I strive to be thorough yet cogent in my communications with students and parents. Since they may be referring back to the syllabus throughout the year, I try my best to clearly lay out my policies in addition to keeping an updated website. For example, I include a **rubric **for how the Math Portfolio (classwork/homework) will be graded in Part 4 and provide clear definitions of what **on-task **means in Part 2. I also explicitly tell students that I do not expect them to do more than 10 or so minutes of homework a night, since we will be doing lots of problem solving in class. By using selective **bold** and *italics*, I make sure that the most important aspects of the course are highlighted. Finally, students would complete an **open-syllabus, group quiz about the syllabus** on the first day, as this will reinforce the policies of the class in their mind as I circle around answering questions about how the class will work.

### Guided Independence

As students rise through the years of high school, they are transitioning towards becoming independent adults.
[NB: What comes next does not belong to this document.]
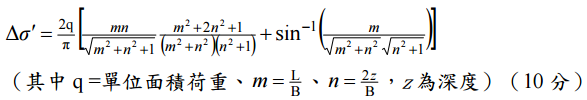【已刪除】⑴請利用矩形基礎下中心點垂直應力增量公式

The classwork and homework policy of this syllabus balances rigid requirements and flexibility to allow students to take charge of their educational journey. Specifically, after completing the **Foundational **exercises of the homework (which should be able to be finished about 60% of the way through the class block), I allow students to choose which *Growth Exercise Sets* they continue to work on based on their own self-assessment of their learning needs. (Students will have access to all of the answers to check their work as they go.) As maturing adolescents, they are given the responsibility to differentiate their learning based on how they are feeling about the material. Struggling students can pick more fundamental exercises, students who are on pace can work on tougher exercises, and students that are breezing ahead of the class can explore more complex topics and challenge exercises.

### Active Participation

Throughout the syllabus, I set the expectation that students will be actively participating in class. At the start of the year, I would also give students an informal attitudinal survey asking how they typically study for math and what their experiences with math were in the past. Then, the next day in class, we would discuss how **active problem-solving** is a more effective study tool than passively reading notes or listening to lectures, setting expectations for lots of problem-solving in class. Overall, my grading rubric for Math Portfolios shows students that **productive, on-task work** is more important to me than how many problems are completed.

### Focus on Growth

I believe that students should be given *more than one chance* to showcase their growth and learning on each of the course’s learning objectives. By making the **math portfolio** a core part of the class, I allow students to compile a record of their growth and learning that I can check weekly as a formative assessment, so that I can intervene and support struggling students before a summative assessment. **Cumulative (open-note, short) quizzes** and regularly included **review exercises** will give students more opportunities to crystallize their learning into long-term memory. Finally, earning credit back on tests via the **test postmortem** and the ability to **retake each cumulative open-note quiz** make the course more accessible for students who do not test well, de-emphasize cramming, and ensure that a bad test day doesn’t ruin a student’s grade.

### Metacognition

In Part 2 (and my learning goals in Part 1), I mention to students that they will be reflecting on their progress throughout the course. Specifically, all students will reflect on their learning during the **test postmortem** which I detail in Part 4. I hope this will allow students to analyze their past classwork and study habits and map this to their test performance and overall confidence in the material, allowing for metacognition on their learning and ultimate **growth as a mathematical thinker**.